Speaking after the S&P 500’s 4% premarket drop on 24 January, Athanasios Psarofagis, ETF analyst at Bloomberg Intelligence, said: “After years of lagging performance, factor-based funds are benefiting from January's market drop, with 70% outperforming the S&P 500 index, led by value and low-volatility funds.”

While the headline US benchmark had a rough month versus most comparisons, smart beta was the standout performer, ahead of the 58% of active ETFs and 32% of thematic ETFs which also beat the S&P 500 during the first three-or-so weeks of the year.

Support for value is also being reflected in allocations. The iShares Edge MSCI USA Value Factor UCITS ETF (IUVF) and iShares Edge MSCI Europe Value Factor UCITS ETF (IEFV) booked some of the top inflows in Europe in the week to 4 February, gathering $378m and $304m, respectively, according to data from Ultumus.

Looking ahead, John Leiper, CIO at Titan Asset Management, is confident diminishing COVID-19 risks and a second phase of cyclical recovery would prove supportive for companies with more modest valuations.

Speaking to ETF Stream, he said: “The increase in accompanying corporate and household demand will emerge against a backdrop of still easy, but tightening, monetary policy.

“Overall, we remain constructive on equities over bonds with a preference for cyclical and value stocks, commodities and commodity-linked equities.

“One theme that ticks all those boxes is dividend-paying European and UK equities which have lagged the broader market but offer the potential for significant catch-up gains on a total return basis.”

However, as is often the case, not everybody agrees the outlook for value factor ETFs is rosy. 

While remaining “pro-value” and recognising the segment’s strong start to the year, Scott Chronert, managing director at Citi, warned value looks “less and less like a coiled spring”. 

Chronert said the alignment of strong flows with price action in January indicates value upside is increasingly priced in. 

He added: “Our expectation is for the “all-in-on-value” repositioning trend, and related sentiment backdrop, to decelerate as growth fundamentals are still intact, and Federal Reserve policymakers begin to soften their tones.

“For now, we still favour value, but continue to stress this as a tactical opportunity as rotation risk back toward more growth-oriented laggards, and quality, increases on the heels of this valuation reset.

Overall, how long this current value rotation will last is not clear-cut.

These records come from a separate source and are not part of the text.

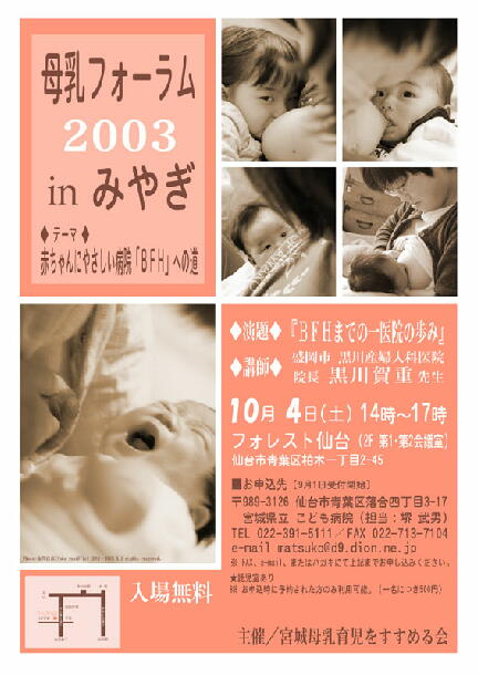 どうぞ、みなさまお誘い合わせて母乳フォーラム in みやぎ2003におこし頂き、みなさまの母乳育児への想いをお伝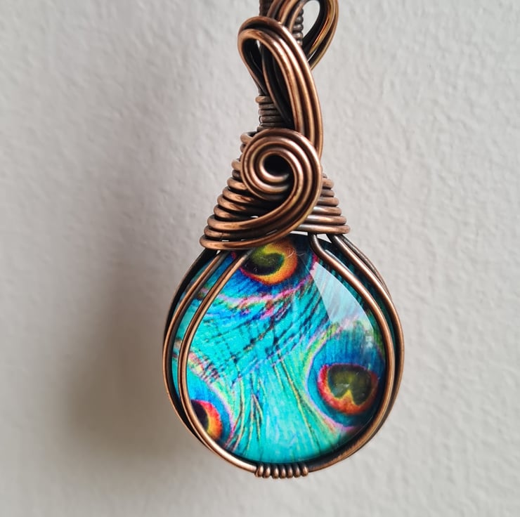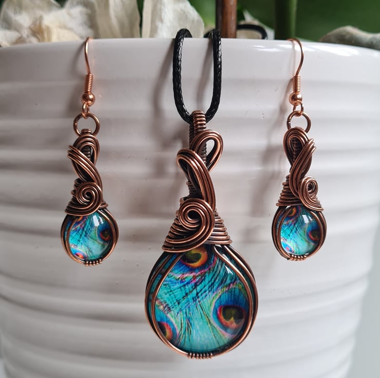 I have handcrafted this stunning and one of a kind pendant using this lovely glass cabochon featuring this gorgeous peacock feather design, which I have wrapped with antiqued copper. I have matching earrings for this pendant available so please check out my other listings and If you would like to buy them together as a set at a discounted rate then please message me
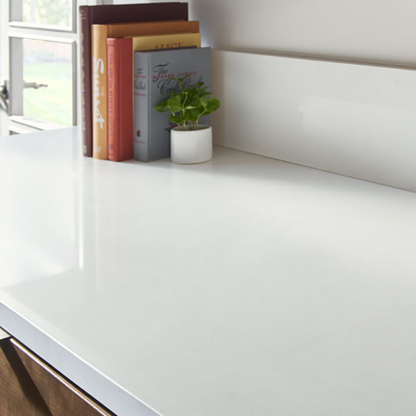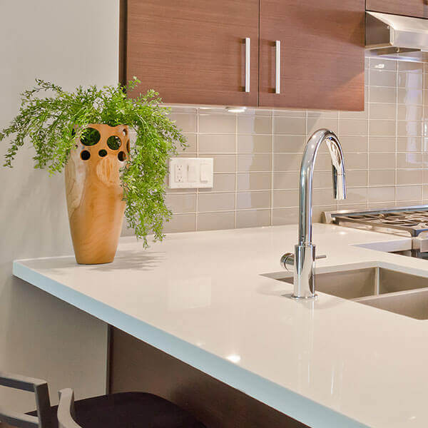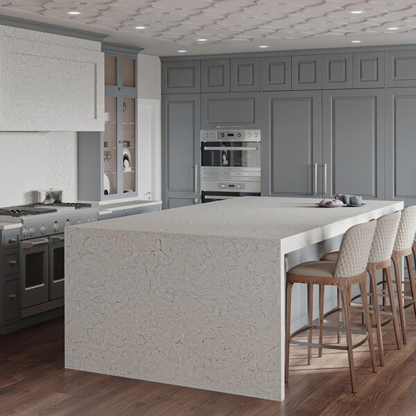 Go for a clean look with the Arctic White Quartz Collection. It has a solid white color with no patterns or veins. This slab is great for countertops, accent walls, bathrooms, floors, and more for a timeless look. It’s easy to clean and stain-resistant, making it the perfect choice for your home.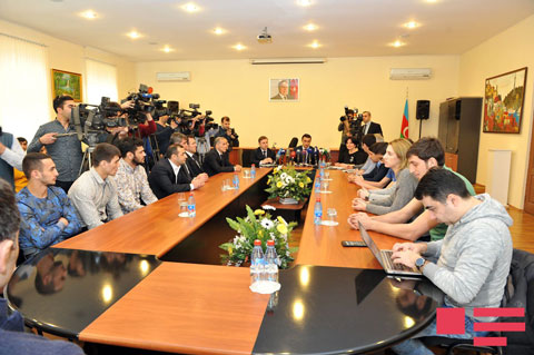 Bu gün Gənclər və İdman Nazirliyində Eyndhoven şəhərində keçirilmiş “Dutch Open”də 10 medal qazanan taekvondo millimiz və Bakıda təşkil olunmuş “Böyük Dəbilqə”də 7 mükafat qazanan cüdo yığmamızla görüş keçirib. Tədbirdə Gənclər və İdman Nazirliyinin idman şöbəsinin müdiri Fərid Mansurov, Azərbaycan taekvondo və cüdo yığma komandalarımızın məşqçilər korpusu, idmançılar iştirak edib. Mansurov hər iki növ üzrə yığmalarımızın çıxışını uğurlu adlandırıb və İslam Həmrəyliyi Oyunlarında komandalarımıza uğurlar arzulayıb. Cüdo üzrə Azərbaycan millisinin baş məşqçisi Fərhad Məmmədovun sözlərinə görə, komandamız ötən illə müqayisədə daha yaxşı çıxış edib: “1 qızıl, 2 gümüş və 4 bürünc medal qazandıq. Əsas məqsədimiz İslamiadadı. Ümid edirik ki, orda da inamlı çıxış edəcəyik”.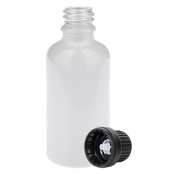 - Descripción del frasco de vidrio: Vidrio tipo III (DIN 719 o clase de recipiente III según DIN 52339-TO180). El vidrio transparente se recubre con un brillante acabado blanco en el exterior mediante un laborioso proceso. Esto garantiza una presentación de alta calidad del contenido. Se puede ver el nivel de llenado del frasco. No obstante, el contenido está protegido de la luz solar directa.

Citi noted category flows in January were dominated by 3x levered US large-cap exposures – and while these contrarian trades finished the month in the red, they signal the investor belief that the growth-biased large-cap category might be down but not out.

Offering an alternative to value, Bloomberg Intelligence’s Psarofagis suggested investors search for high-quality companies with strong cash flows.

Agreeing, Todd Rosenbluth, head of ETF and mutual fund research at CFRA, said: ”The quality factor should perform well given more moderate earnings growth trends and increasing volatility favouring more stable companies with strong balance sheets.”